Last year, born of the destruction and pressures of the pandemic, a dining experience reemerged. Our chefs and cooks and dishwashers and front of house and restaurateurs made it look like nothing had happened; we all know (and should never forget) it did. I’ve never seen our city in a better place, with more energy and spunk.
This is part of the new reality that makes us wonder and marvel every time we go out.
Covering this beat has been a privilege, a breathless, humbling challenge, and an endlessly fascinating endeavor.
Throughout, always, the goal was to present the food and the world in front of me truthfully and anew. To do justice to how a bowl of noodles or a fluff of meringue bronzed by a blowtorch could capture the extraordinary human act of communing and craving and being fed. To expose the matrix of talent and skill and passion that makes Dallas tick.
Also, obviously, to push and prod when it seemed necessary. This city has given me much to do justice to.
But I always knew it was a finite lifestyle. (It’s dizzying how much sheer consumption it all adds up to.)
When my predecessor, the august and cantankerous, the hilarious and controversial Nancy Nichols left after 18 years, she did so with a 3,500-word essay detailing medical woes (a harrowing must-read for the non-squeamish). It begins with a colonoscopy which she underwent with little sedation so she could watch while a tube with a camera navigated the zigzags of her colon. It ends with a diagnosis of Hashimoto’s thyroiditis, which meant an end to gluten and dining capers.
I have no such story.
Mine is simpler: I miss baguettes. I miss the City of Light, where I was born and where my family lives. So I’m moving to Paris.
I’ll never forget my first restaurant review visit. I was still teaching and writing freelance, and I found myself calling my boss from inside the women’s restroom because something utterly outside my purview was going on and I didn’t know how to navigate it. If three-quarters of a meal is comped when the bill comes, because, out of an abundance of kindness, the staff is trying to right a series of small, early-service errors, but nobody knows who you are, what are the three journalistically responsible ways one could handle it? Write it into the review copy, nix the entire visit—no matter that you’re on deadline!—or simply cry? So began the wild, beautiful rollercoaster ride that has been this zany, wonderful, unicorn-snowflake of a job.
I’m deeply grateful for the role—one that someone else will fill, leaving her or his own stamp.
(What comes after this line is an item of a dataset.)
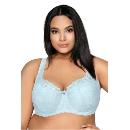 Fenomenální velká podprsenka Carmela. K dispozici ve velkých velikostech. Krásně zvýrazňuje dekolt, dokonale stahuje poprsí. Díky širokému ozdobnému ramínku umožňuje zakrýt asymetrii prsou. Košíčky jsou vyrobené z jemné modré krajky, která sexy obepíná ňadra a jemně se plazí po ramínku. Tvarované košíčky jsou posazené na krajkovém kosticovém kosticovém pásku a krajkové zadní části, která byla vyztužena elastickou síťovinou. Ramínka jsou nastavitelná, neodnímatelná. Dvouřadé zapínání na háčky a očka s třístupňovým nastavením.

I’ll have one more review, which I filed for the February issue. And a few bits in a wonderful upcoming package. So you won’t be done with me until March. And the city will keep evolving.
This will not be the end of my love affair with heirloom corn tacos or yellow curry brisket. I’ve already investigated every opportunity to ship dried chiles and smoky rubs, and I’ve packed my tortilla press. I’m plotting how to rejigger a báhn mì à la Sandwich Hag or Ngon by pickling my own veggies and smearing pâté on baguette.
I have loved this job that I never imagined doing. I will miss it.
I’m on to other writing endeavors—and to my family in Paris, which I hadn’t seen in two and a half years due to the pandemic. I’ll be writing (and cooking!) from there.
Unless I miss the tacos too keenly. In which case I’ll beg for my editor Kathy Wise’s permission to live in her guest house and translate French novels. And I’ll bring you a croissant.